▸ **EXERCISE**: Please write out every record exactly, but keep any images out of it.

-------- AVAILABLE DATA

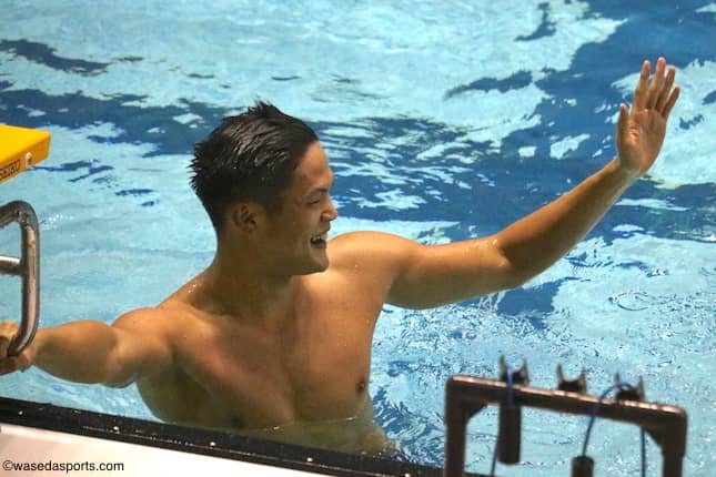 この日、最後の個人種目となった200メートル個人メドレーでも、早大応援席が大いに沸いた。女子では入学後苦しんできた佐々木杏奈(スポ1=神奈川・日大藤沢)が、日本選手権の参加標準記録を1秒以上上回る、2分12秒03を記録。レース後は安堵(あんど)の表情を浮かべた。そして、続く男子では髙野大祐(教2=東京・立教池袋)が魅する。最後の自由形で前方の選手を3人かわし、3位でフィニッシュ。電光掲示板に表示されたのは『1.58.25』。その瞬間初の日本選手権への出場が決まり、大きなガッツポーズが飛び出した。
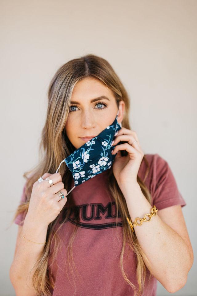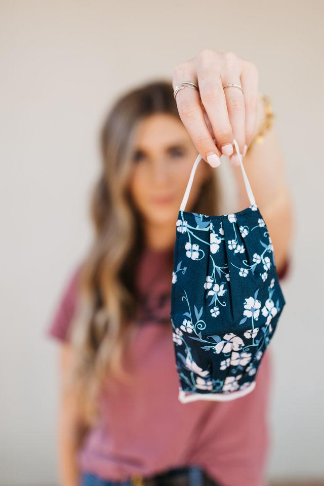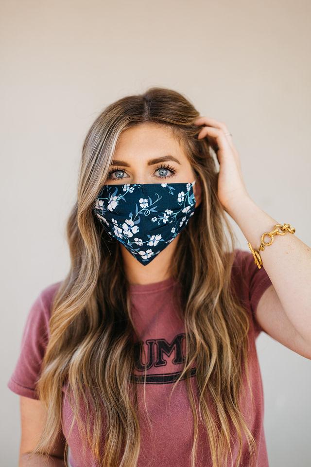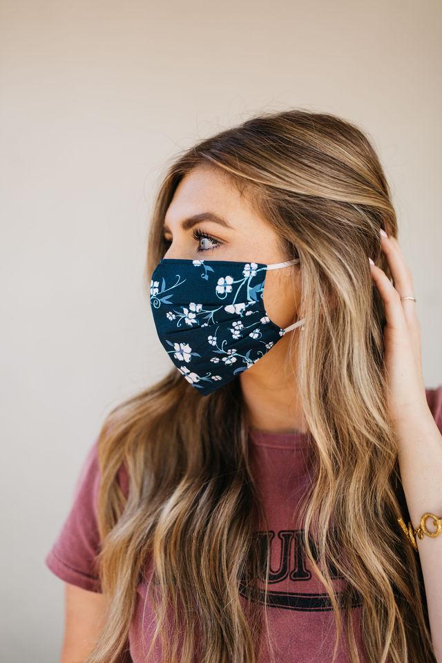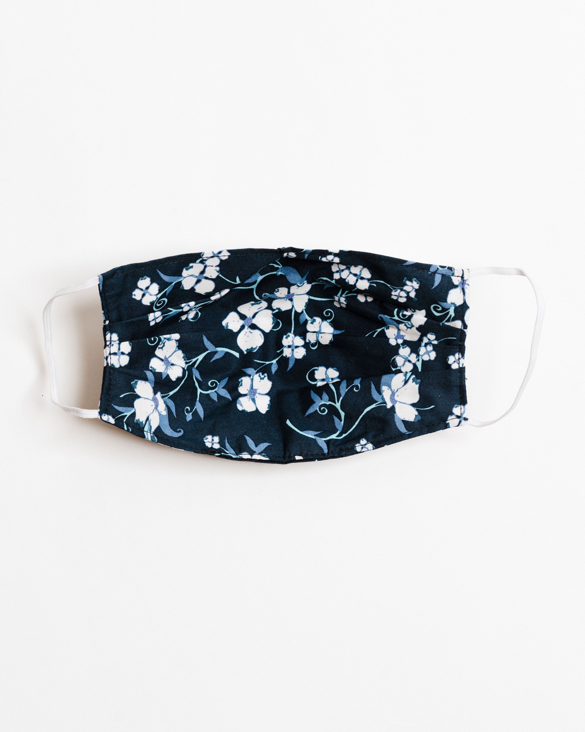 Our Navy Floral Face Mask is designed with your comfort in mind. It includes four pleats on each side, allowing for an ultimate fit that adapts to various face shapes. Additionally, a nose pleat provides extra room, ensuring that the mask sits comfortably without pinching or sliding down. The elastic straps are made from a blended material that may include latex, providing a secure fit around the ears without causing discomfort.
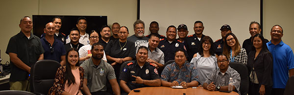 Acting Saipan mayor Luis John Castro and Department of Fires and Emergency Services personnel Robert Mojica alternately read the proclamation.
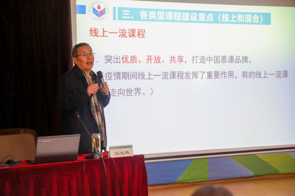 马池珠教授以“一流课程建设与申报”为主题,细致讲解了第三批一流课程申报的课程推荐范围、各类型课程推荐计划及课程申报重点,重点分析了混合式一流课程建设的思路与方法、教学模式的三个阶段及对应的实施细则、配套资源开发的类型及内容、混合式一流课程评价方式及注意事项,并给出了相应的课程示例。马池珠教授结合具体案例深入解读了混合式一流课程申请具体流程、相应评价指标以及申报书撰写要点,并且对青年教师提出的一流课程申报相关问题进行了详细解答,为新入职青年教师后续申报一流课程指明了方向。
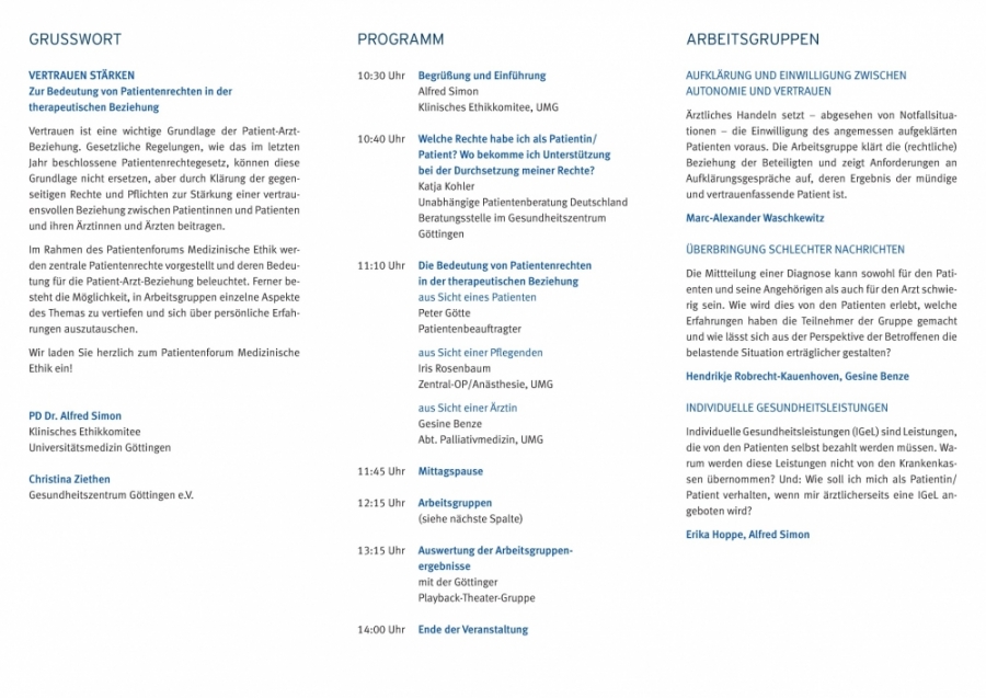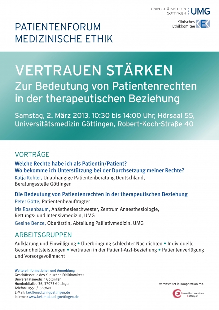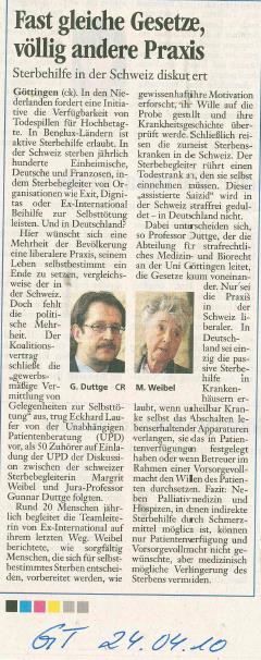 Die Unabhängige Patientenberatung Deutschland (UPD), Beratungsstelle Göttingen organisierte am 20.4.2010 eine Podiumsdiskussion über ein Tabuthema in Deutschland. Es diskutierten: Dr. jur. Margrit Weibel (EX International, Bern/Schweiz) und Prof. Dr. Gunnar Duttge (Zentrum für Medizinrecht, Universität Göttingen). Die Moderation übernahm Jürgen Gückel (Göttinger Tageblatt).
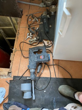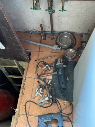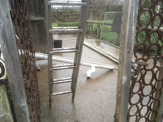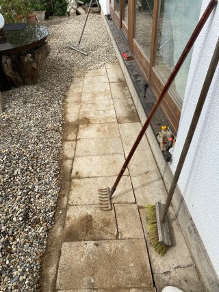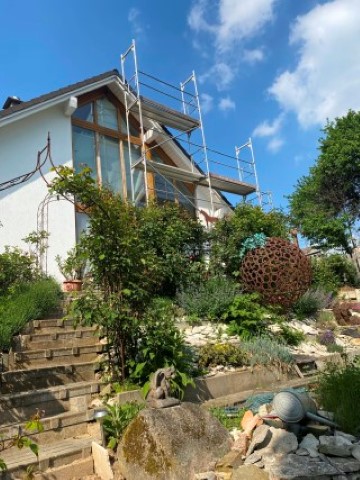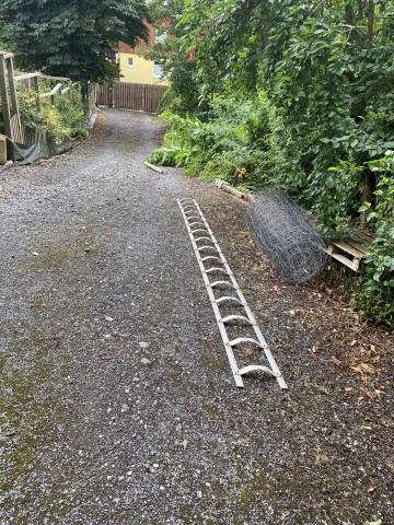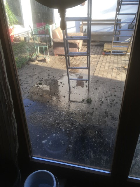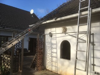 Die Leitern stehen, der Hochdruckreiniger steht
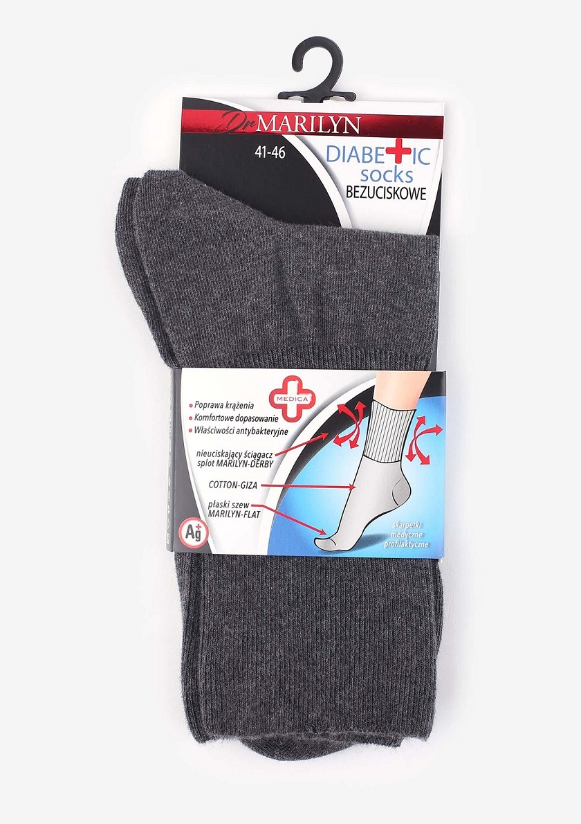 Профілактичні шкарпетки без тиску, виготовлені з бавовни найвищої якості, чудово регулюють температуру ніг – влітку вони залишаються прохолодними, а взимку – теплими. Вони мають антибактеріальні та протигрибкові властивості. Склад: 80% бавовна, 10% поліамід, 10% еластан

----------------

▸ **RESULT OF THIS TASK**:
 この日、最後の個人種目となった200メートル個人メドレーでも、早大応援席が大いに沸いた。女子では入学後苦しんできた佐々木杏奈(スポ1=神奈川・日大藤沢)が、日本選手権の参加標準記録を1秒以上上回る、2分12秒03を記録。レース後は安堵(あんど)の表情を浮かべた。そして、続く男子では髙野大祐(教2=東京・立教池袋)が魅する。最後の自由形で前方の選手を3人かわし、3位でフィニッシュ。電光掲示板に表示されたのは『1.58.25』。その瞬間初の日本選手権への出場が決まり、大きなガッツポーズが飛び出した。
 Our Navy Floral Face Mask is designed with your comfort in mind. It includes four pleats on each side, allowing for an ultimate fit that adapts to various face shapes. Additionally, a nose pleat provides extra room, ensuring that the mask sits comfortably without pinching or sliding down. The elastic straps are made from a blended material that may include latex, providing a secure fit around the ears without causing discomfort.
 Acting Saipan mayor Luis John Castro and Department of Fires and Emergency Services personnel Robert Mojica alternately read the proclamation.
 马池珠教授以“一流课程建设与申报”为主题,细致讲解了第三批一流课程申报的课程推荐范围、各类型课程推荐计划及课程申报重点,重点分析了混合式一流课程建设的思路与方法、教学模式的三个阶段及对应的实施细则、配套资源开发的类型及内容、混合式一流课程评价方式及注意事项,并给出了相应的课程示例。马池珠教授结合具体案例深入解读了混合式一流课程申请具体流程、相应评价指标以及申报书撰写要点,并且对青年教师提出的一流课程申报相关问题进行了详细解答,为新入职青年教师后续申报一流课程指明了方向。
 Die Unabhängige Patientenberatung Deutschland (UPD), Beratungsstelle Göttingen organisierte am 20.4.2010 eine Podiumsdiskussion über ein Tabuthema in Deutschland. Es diskutierten: Dr. jur. Margrit Weibel (EX International, Bern/Schweiz) und Prof. Dr. Gunnar Duttge (Zentrum für Medizinrecht, Universität Göttingen). Die Moderation übernahm Jürgen Gückel (Göttinger Tageblatt).
 Die Leitern stehen, der Hochdruckreiniger steht
 Профілактичні шкарпетки без тиску, виготовлені з бавовни найвищої якості, чудово регулюють температуру ніг – влітку вони залишаються прохолодними, а взимку – теплими. Вони мають антибактеріальні та протигрибкові властивості. Склад: 80% бавовна, 10% поліамід, 10% еластан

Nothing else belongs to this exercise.